Thursday, September 29, 2016

Wilbo and His Friends from School Remember the Days of Corporal Punishment in American Schools.

Goodness, I never thought I would reach the day when I said, "Yep, I got a swat from Jim Angell & Max Carter but never from Larry Fisher". It was often considered to be a honor to be chewed out by General George Patton. Today, I heard from my mates at Byron Middle School, proudly recounting their visits with "The Board of Education".

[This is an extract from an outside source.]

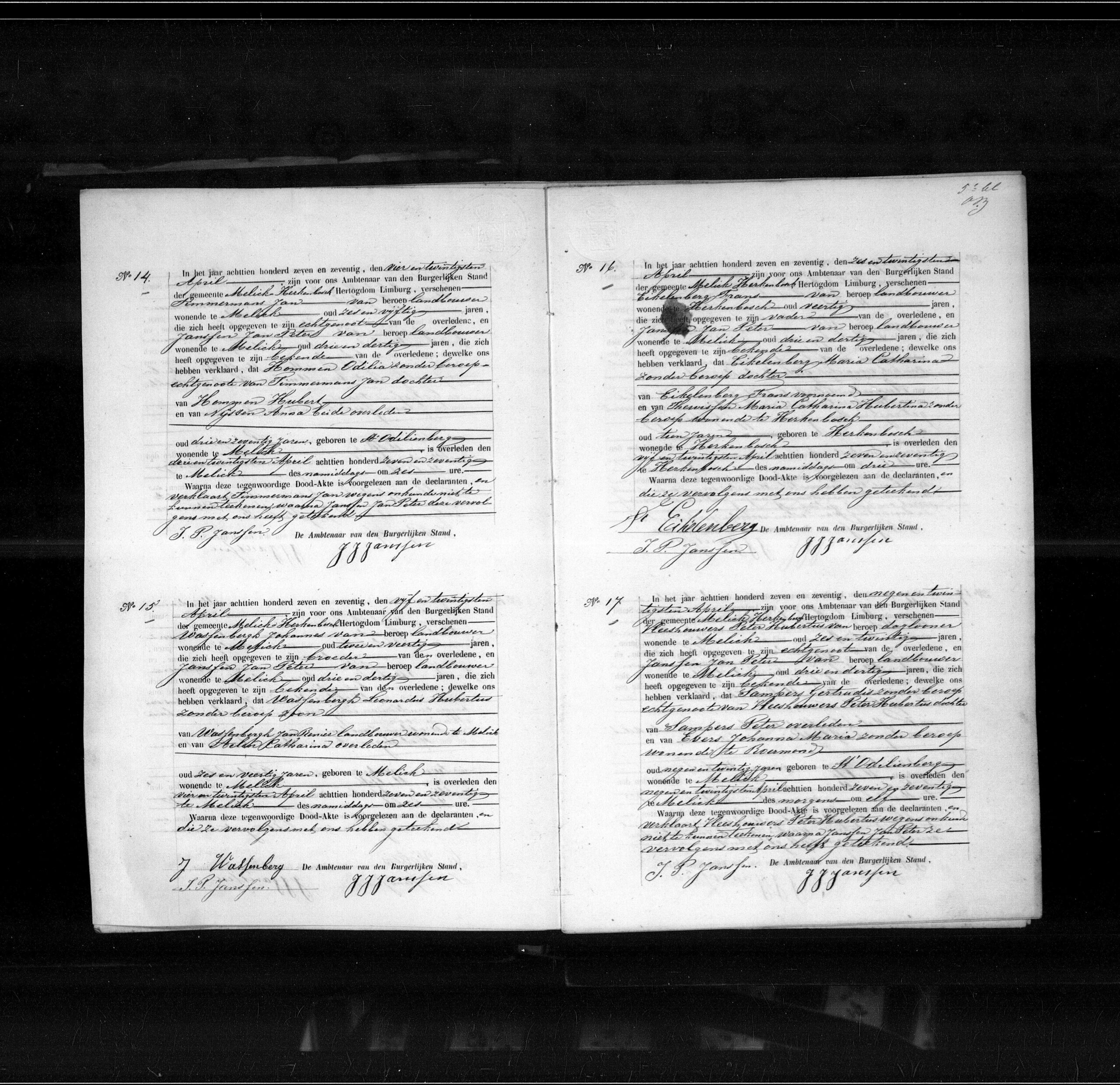 Getuigen: Pierre Beckers, 45 jaar oud, pachter/boer uit Sint Odiliënberg en Henri Hommen, 32 jaar oud, landbouwer uit Sint Odiliënberg.

Angell taught social studies and studied law in the evenings. He earned his Juris Doctor and built a dream house on the big curve on Bancroft Road. He built a grassy berm and planted a protective phalanx of pines to keep drunkly driven cars from crashing into his study. Carter served as the principle, and he secretly let boys who wanted to fight box in a quiet, out of the way chamber under the gym. Or so was the rumor. Carter caught the eye of a school board in Adrian and he moved up the ladder at a richer, city school district. Fisher taught social studies too, and retired when he suffered a heart attack all too young. 

Can anyone hear Pink Floyd singing, "We Don't Need No Education, We Don't Need No Thought Contol. No Dark Sarcasm in the Classroom. Hey, Teacher, Leave Those Kids Alone"? Lawmakers in Michigan must have heard the song. I remember once in 1988, Harley Smith called me out of Ron Rottschafer's classroom, where I was guest teaching. He asked me to witness as he delivered a swat to a disobedient student. It was efficient, hardly a swat. It was over in a second. Very soon after that, corporal punishment stopped, ended by law.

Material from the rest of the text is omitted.